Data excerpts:
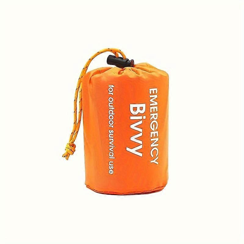 Insulated emergency sleeping bag, reusable & compact w/ whistle. PE material, drawstring. For outdoor & first aid.
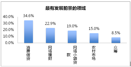 另外,本次调研从业者也对互金行业中未来发展最有前景的细分领域进行了预测,认为最有前景的领域是消费信贷,占34.6%;第二是网络理财,占22.9%;第三是网络小额贷款领域,占19%。
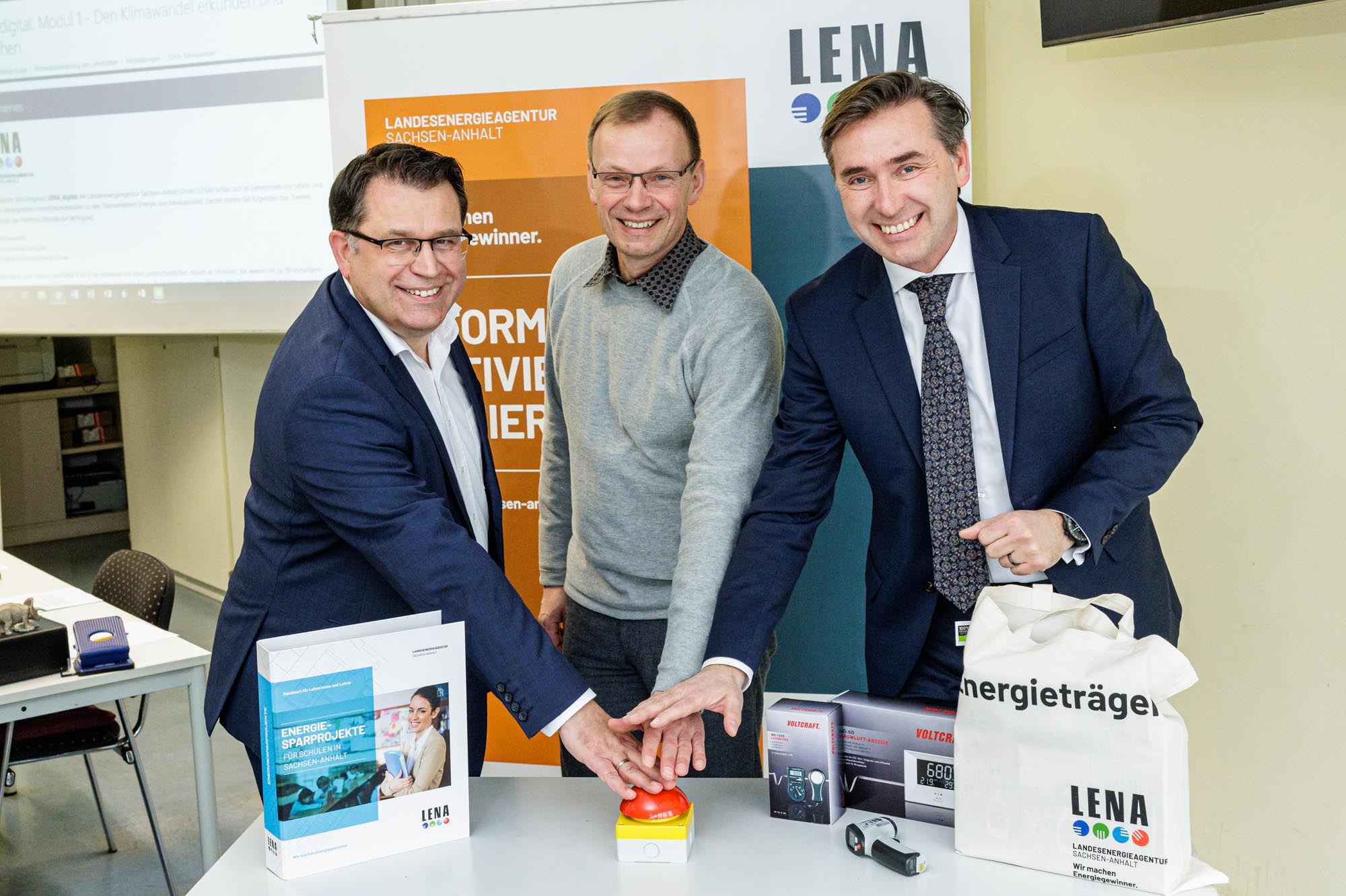 Bild. Staatssekretär Thomas Wünsch, Andreas Slowig, Schulleiter des Christian-Wolff-Gymnasiums in Halle und LENA-Geschäftsführer Marko Mühlstein (v.r.n.l.) schalten symbolisch das neue digitale Bildungsangebot frei, welches ab sofort allen Schulen in Sachsen-Anhalt offen steht.
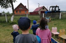 Наблюдение во время дневной прогулки за трактором, который косит траву.
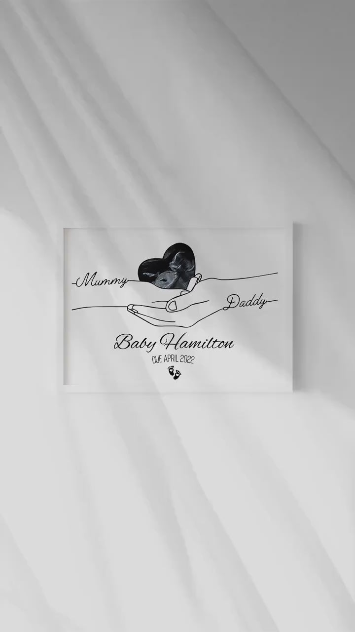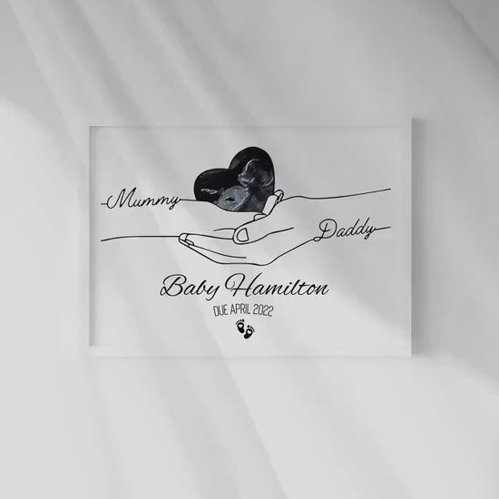 Celebrate the joy of new life with this beautifully personalized pregnancy ultrasound print. Featuring a minimalist line-art design of "Mummy" and "Daddy" hands gently holding a heart-shaped ultrasound photo, this artwork makes a meaningful keepsake for expecting parents.

§ **Problem to work on**: Print each record as it appears above, dropping every picture from the copy.

§ **Written response**:
 Insulated emergency sleeping bag, reusable & compact w/ whistle. PE material, drawstring. For outdoor & first aid.
 另外,本次调研从业者也对互金行业中未来发展最有前景的细分领域进行了预测,认为最有前景的领域是消费信贷,占34.6%;第二是网络理财,占22.9%;第三是网络小额贷款领域,占19%。
 Bild. Staatssekretär Thomas Wünsch, Andreas Slowig, Schulleiter des Christian-Wolff-Gymnasiums in Halle und LENA-Geschäftsführer Marko Mühlstein (v.r.n.l.) schalten symbolisch das neue digitale Bildungsangebot frei, welches ab sofort allen Schulen in Sachsen-Anhalt offen steht.
 Наблюдение во время дневной прогулки за трактором, который косит траву.
 Celebrate the joy of new life with this beautifully personalized pregnancy ultrasound print. Featuring a minimalist line-art design of "Mummy" and "Daddy" hands gently holding a heart-shaped ultrasound photo, this artwork makes a meaningful keepsake for expecting parents.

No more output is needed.